Immuta, a data security leader, has announced the findings of its fourth annual State of Data Security Report, which highlights the current state of data security amid organisations’ rapid adoption of AI and Generative AI tools. The report, commissioned by Immuta and conducted by customer voice platform, UserEvidence, surveyed 700 data platform and security practitioners at global cloud-based enterprise companies across the UK, US, Canada and Australia.
The findings indicate that adoption and use of AI tools is high across organisations, however, many are concerned about the impacts AI will have on their larger data security strategy. Only half of the respondents say their organisation’s data security strategy is keeping up with AI’s rate of evolution. What’s more, despite AI’s recent boom, implementing stronger data governance and security controls will be a higher priority for data teams in 2024. When asked what significant initiatives their company is taking on in the next 12 months, 80% of respondents said their top priorities were data security related initiatives – such as implementing stronger data governance and security controls and modernising data architectures with new concepts like data mesh – while only 20% noted integrating AI into business processes will be a top priority.
Other key findings from the report include:
AI sparks excitement and security risks for data professionals
The rapid evolution of AI and Machine Learning (ML) has spurred both excitement and concern across organisations. According to the report, employees are already leveraging these tools to increase productivity and streamline processes within their roles.
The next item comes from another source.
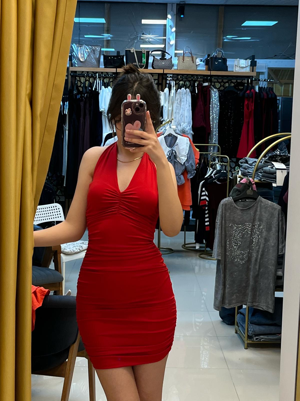 kırmızı boyundan bağlamalı elbise
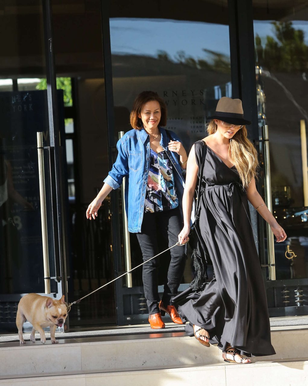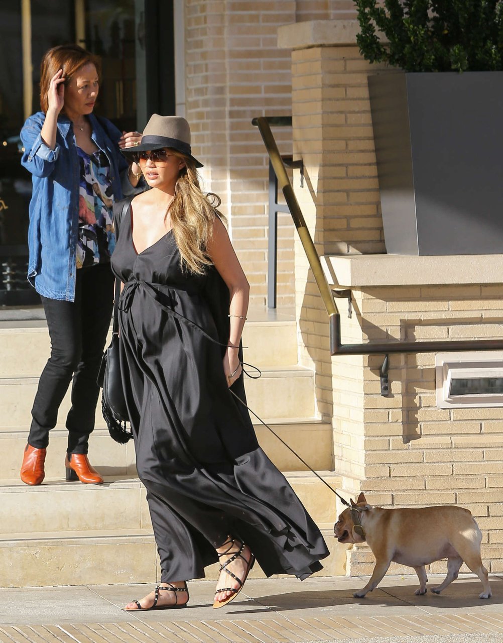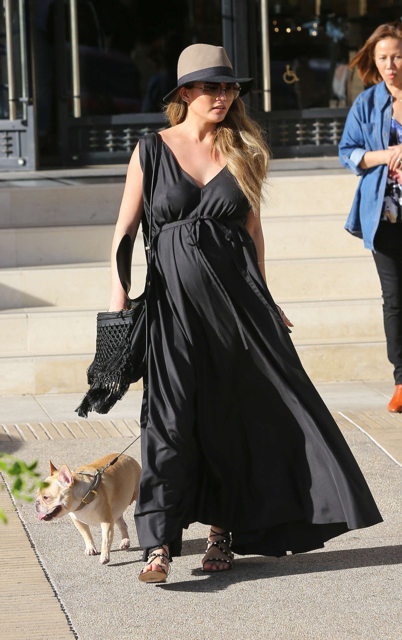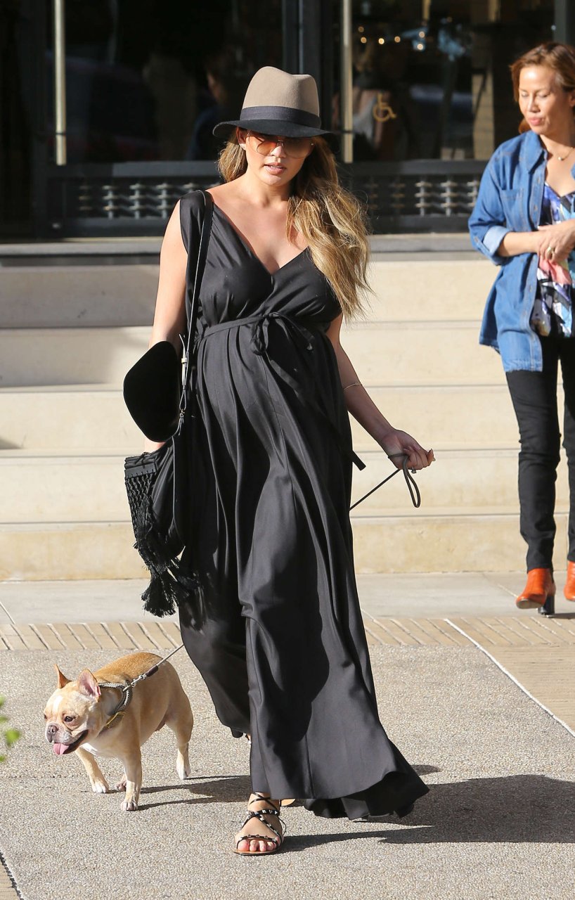 Chrissy Teigen em vestido preto na Barneys New York em Los Angeles, 14/03/2016. Seios super cremosos! Chrissy Teigen é uma modelo americana. Idade 30 (30 de novembro de 1985). Altura 174 cm.

Nearly nine-out-of-10 (88%) data professionals note their employees are using AI and many data professionals are confident AI will help them become better at things like anomaly detection (44%) and phishing attack identification (46%).
At the same time, many are concerned about the broader security impacts AI will have on their organisation. More than half of respondents (56%) cite the exposure of sensitive data via an AI prompt as their greatest area of concern. This trepidation reinforces the need for AI-specific security strategies and policies so organisations can confidently and securely utilise the technologies and also launch AI models at scale.
Data governance and compliance are top priorities
Although AI is top of mind for data professionals across every sector, trust, security and compliance are still leading organisational priorities. Nearly all (88%) data leaders believe data security will become an even higher priority in the next 12 months, ahead of AI. With 80% of data professionals indicating that their data protection capabilities are better than they were a year ago, it’s likely budgets and resources will increase as data security continues to be a growing priority for business leaders amid today’s evolving threat landscape.
Collaboration: A vital element of data security
According to the report, there is no clear owner of data security across organisations. Respondents indicated that the job title most commonly accountable for data security is Data Privacy or Security Manager (19%), or CTO (15%). However, numerous other roles were also noted as being responsible for data security. This lack of ownership creates challenges around managing security collaboratively, which leads to teams operating in silos and insecure deployments.
Data access is still a major security challenge
Data access remains a major security obstacle for teams: 33% of respondents cited a lack of visibility into data sharing and usage as their biggest security challenge and that they have missed business opportunities as a result.
Similarly, 56% note that data security processes slow down access to data, meaning that over half of organisations are sacrificing some level of data-driven value for essential security outcomes – trading agility for trust and compliance.